§ Provided material
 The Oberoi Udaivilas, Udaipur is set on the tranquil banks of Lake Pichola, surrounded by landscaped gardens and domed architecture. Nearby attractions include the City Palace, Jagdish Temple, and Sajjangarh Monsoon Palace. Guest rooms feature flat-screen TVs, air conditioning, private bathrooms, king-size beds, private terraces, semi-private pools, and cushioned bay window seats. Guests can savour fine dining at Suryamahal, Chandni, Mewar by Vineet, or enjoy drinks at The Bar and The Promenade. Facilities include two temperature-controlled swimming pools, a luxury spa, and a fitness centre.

---

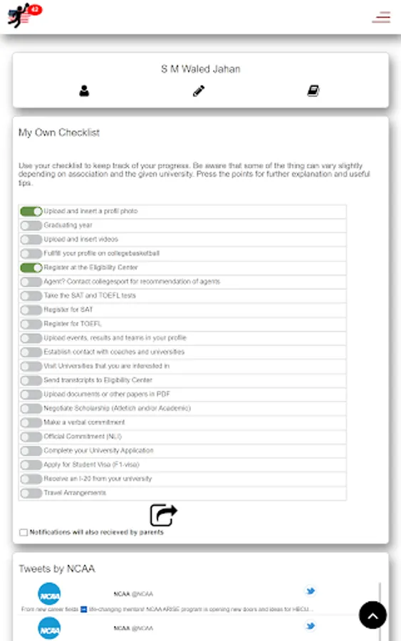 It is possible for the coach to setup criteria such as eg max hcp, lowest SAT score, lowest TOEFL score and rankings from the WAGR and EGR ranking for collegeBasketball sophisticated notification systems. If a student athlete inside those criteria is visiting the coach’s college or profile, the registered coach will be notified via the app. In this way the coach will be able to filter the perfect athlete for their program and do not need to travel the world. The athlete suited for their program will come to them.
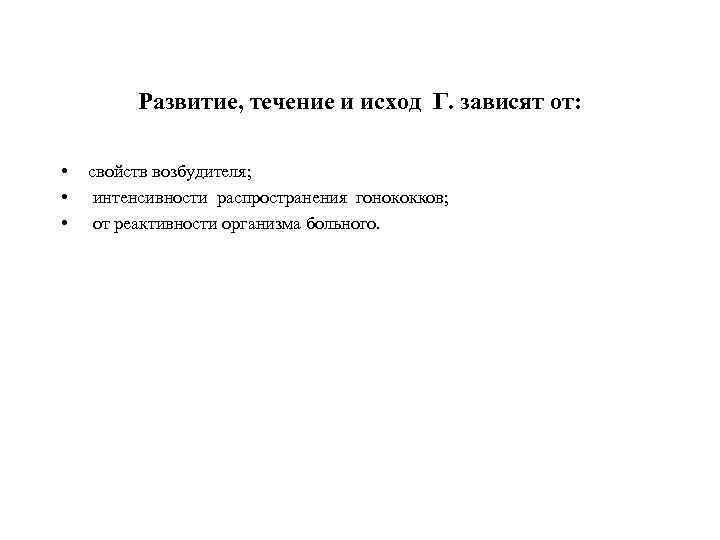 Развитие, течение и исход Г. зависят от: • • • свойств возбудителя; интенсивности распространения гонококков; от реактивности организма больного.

§ Task to carry out
Everything from the line with "It is possible" through the line with "Развитие, течение и" in the material above should be transcribed exactly, except the pictures.

§ Answer section
 It is possible for the coach to setup criteria such as eg max hcp, lowest SAT score, lowest TOEFL score and rankings from the WAGR and EGR ranking for collegeBasketball sophisticated notification systems. If a student athlete inside those criteria is visiting the coach’s college or profile, the registered coach will be notified via the app. In this way the coach will be able to filter the perfect athlete for their program and do not need to travel the world. The athlete suited for their program will come to them.
 Развитие, течение и исход Г. зависят от: • • • свойств возбудителя; интенсивности распространения гонококков; от реактивности организма больного.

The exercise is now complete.